Apalagi, imbuh dia, potensi penjualan produk sawit besar, mengingat sawit hanya tumbuh pada iklim tropis sehingga negara-negara Eropa tidak mungkin bisa membuka lahan perkebunan sawit. Di Kaltim saja, kini tercatat ada 4,9 juta hektar potensi untuk pengembangan agribisnis, termasuk perkebunan sawit.
Azmal menilai bahwa yang dilakukan beberapa negara Eropa terhadap hasil kebun kelapa sawit di Indonesia hanya semacam provokasi yang tidak menginginkan Indonesia maju dengan menggunakan produk sendiri dan tidak impor barang dari Eropa untuk kebutuhan.
Di sisi lain, ia mengakui bahwa kini masih banyak lahan kelapa sawit di wilayah Kalimantan Timur (Kaltim) yang belum dikelola oleh para pemegang izin.
"Luas lahan yang sudah memiliki izin perkebunan kelapa sawit 2,1 juta hektare, tapi yang baru dikelola hanya 400 ribu hektare," katanya.

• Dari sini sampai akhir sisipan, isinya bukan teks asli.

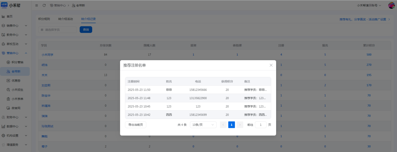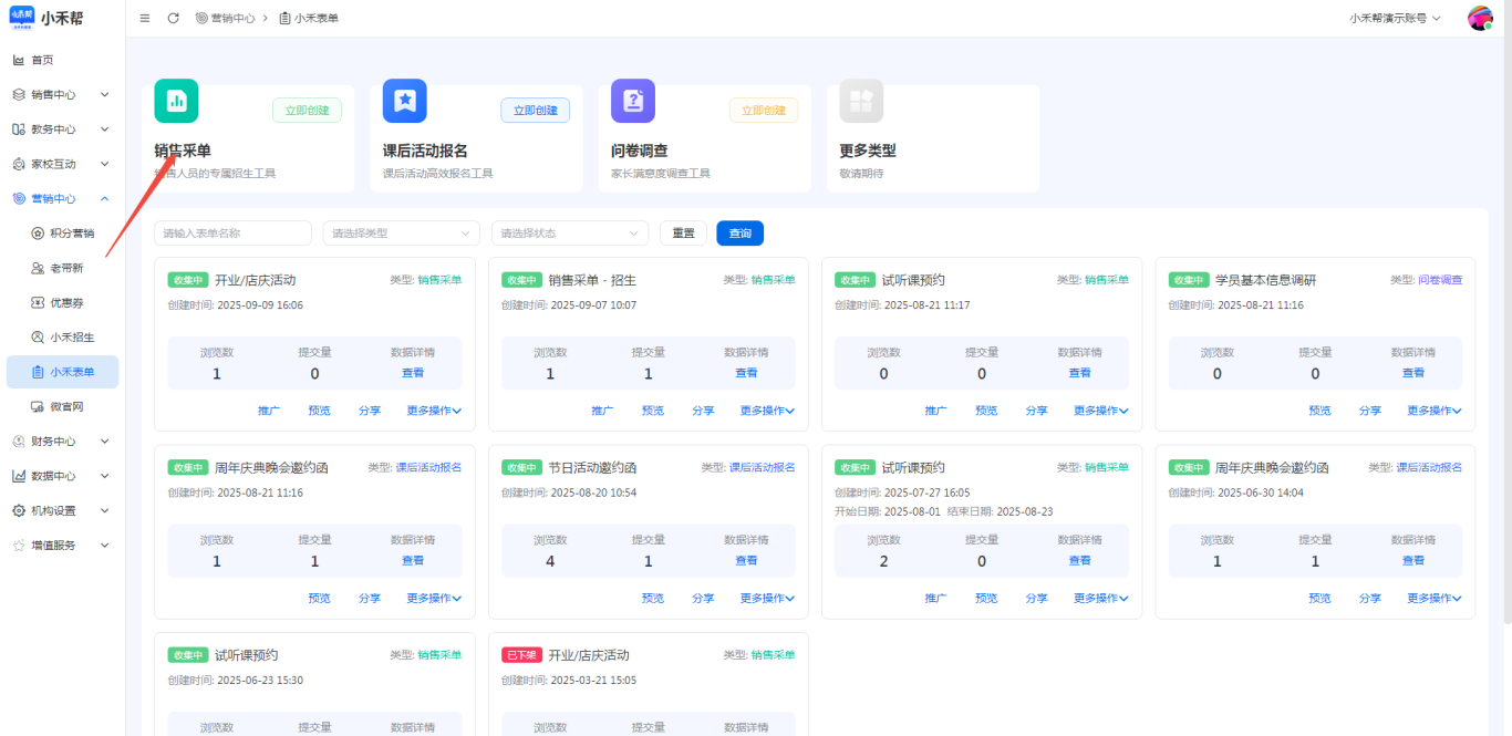 通过上述的营销活动获得线索后,转化也是一个重要的阶段,小禾帮为老师们贴心准备了CRM功能。
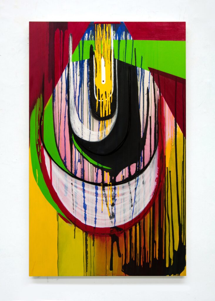 Oil, acrylic, spray paint and gesso on canvas
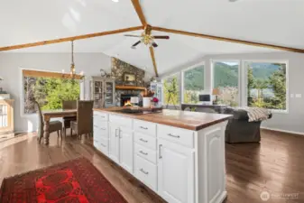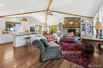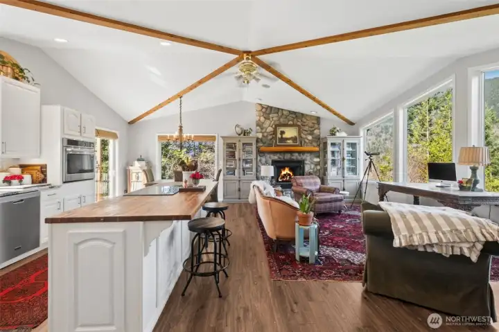 Create the lifestyle you’ve been envisioning—your own private homestead where space, self-sufficiency & natural beauty come together. Awe-inspiring views surround you in every direction! This rare offering includes 2 tax lots totaling 26 acres, ideal for a multi-generational compound, future build potential, or room to expand. Live immersed in the seasonal rhythms —summer gardening in a 40x40 tilled space, biking to the lake, vibrant fall colors, & winters by the wood-burning frplc w/snow-capped mountain views. Decks perfectly positioned for both sunrise & sunset views! Inside, the 3 bdrm, 2.75 bath home blends comfort w/functionality. Vaulted ceilings elevate the great room, while the remodeled kitchen features white cabinets, quartz counters, undermount sink & butcher block island. Durable LVP flooring + new carpet & paint. Primary suite w/walk-in closet & spa-like bath w/self-heated jetted tub, slider to deck. Well-designed for indoor-outdoor living, LL offers a spacious family room w/wood burning stove, 3rd bdrm & bath + separate entrance & 2 car garage. Enjoy access to a private lake shared by just 9 properties. Outbuildings include pole barn w/enclosed workspace, power & ample covered storage + RV parking w/electric/water. Chicken coop too! Second 1-acre parcel features separate well, 2-bdrm septic & electric meter. Generator w/transfer switch, tractor w/6 implements, log splitter & Ford pickup w/plow included to make this property turn-key! In the PBRS KC tax program.
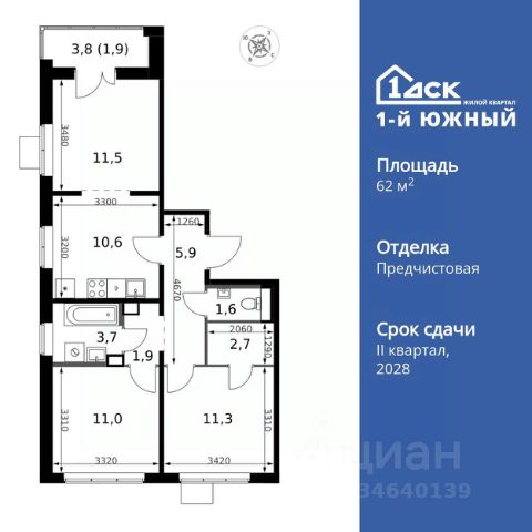 Прямая продажа от застройщика! Жилой Комплекс класса Комфорт Плюс. Продаётся 3-к квартира номер 118 общей площадью 69.2 кв.м. на 3-м этаже 23 этажного здания. Предчистовая отделка. Цена с учётом скидки. Особенности квартиры: - МЦД-5 в пешей доступности - Квартал с южным садом - Свои 3 детских сада и 2 большие школы - Организуем показ в удобное для вас время! - Просторная спальня, в которой можно разместить большую кровать. - Угловая планировка - больше пространства для ваших идей. - Увеличенное количество окон - дополнительное освещение и свежий воздух. - Гостевой санузел - комфорт и удобство для ваших гостей. - Евроформат - просторное и удобное жилье с отличной планировкой. - Линейная кухня - функциональность и практичность в одном решении. - Возможность добавить спальное место - дополнительный комфорт для гостей. - Гардеробная - удобство для хранения и организации вещей. - Ниша под шкаф - компактное и удобное место для вещей. - Лоджия - уютное место для отдыха и тишины. Квартира с предчистовой отделкой. Вам не придется заниматься черновыми и трудоёмкими работы, а чистовую отделку и дизайн - сделайте на свой вкус. Информация о комплексе: ЖК от 1-го ДСК: евро формат, большие застеклённые лоджии и умный дом. Управляйте светом и техникой через Яндекс.Станцию, защита от протечек. Удачная локация: транспортная доступность и природа рядом. В каждом дворе - плодовые деревья, весной цветут яблони и груши, зимой - лыжня среди заснеженного леса. Транспортная доступность: - Общественный транспорт: Действующая ж/д станция Булатниково (в перспективе будущая МДЦ D5) в пешей доступности, всего 10-12 минут. - Личный автотранспорт: Удобный выезд на трассу М4-Дон в сторону Москвы и области 850 м, до МКАД - 1 км Внутренняя инфраструктура: "1-й Южный": продуманные подъезды с панорамным остеклением и входами с улицы и двора. Безбарьерная среда для родителей с колясками и маломобильных жителей. В каждом подъезде - колясочные, лапомойки, санузлы, место для консьержа. На территории: 3 детских сада и 2 школы под окнами, пешеходный бульвар-дендрарий для прогулок, центральная площадь для мероприятий. Всё для комфортной жизни, общения и активностей в шаговой доступности. Квартира с предчистовой отделкой - ваш дизайн без черновых работ
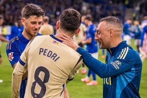 巴薩中場佩德里賽后與皇家奧維耶多40歲中場卡索拉交流,巴薩官方社媒曬出視頻,配文:“兩位球場魔術師。”

Perusahaan yang telah memiliki izin pengelolaan lahan kelapa sawit diharapkan segera merealisasikan, karena lahan masih banyak tersedia, ujarnya.
"Kita akan melakukan koordinasi dengan pemerintah daerah terutama tingkat kabupaten dan kota yang telah memberikan izin perusahaan pengelolaan lahan kelapa sawit tapi tidak direalisasikan, bahkan memperpanjang izinnya. Bila memang tidak memiliki kemampuan mengelola dicabut saja izinnya," kata Azmal, menjelaskan.
Ketua Gapki mengungkapkan bahwa ada beberapa dilema yang terjadi dalam pengelolaan lahan kelapa sawit di Kaltim diantaranya banyak investor yang diketahui memiliki manajerial yang serius dan punya finansial tapi tidak memiliki lahan untuk beroperasi.
"Selain itu, perkebunan-perkebunan yang profesional yang sudah beroperasi saat ini, sudah mengalami kesulitan untuk melakukan pengembangan lahan karena terbentur Rencana Tata Ruang Wilayah (RTRW) yang sampai saat ini belum diselesaikan antara pemerintah pusat dan daerah," tambahnya.
Hal ini tentu saja berakibat pada tumpang tindihnya lahan baik dengan interperkebunan maupun dengan pertambangan maupun kehutanan yang tidak jelas.
"Karena penundaan yang terjadi berakibat banyaknya bibit kelapa sawit yang siap tanam menjadi terlantar," kata Azmal.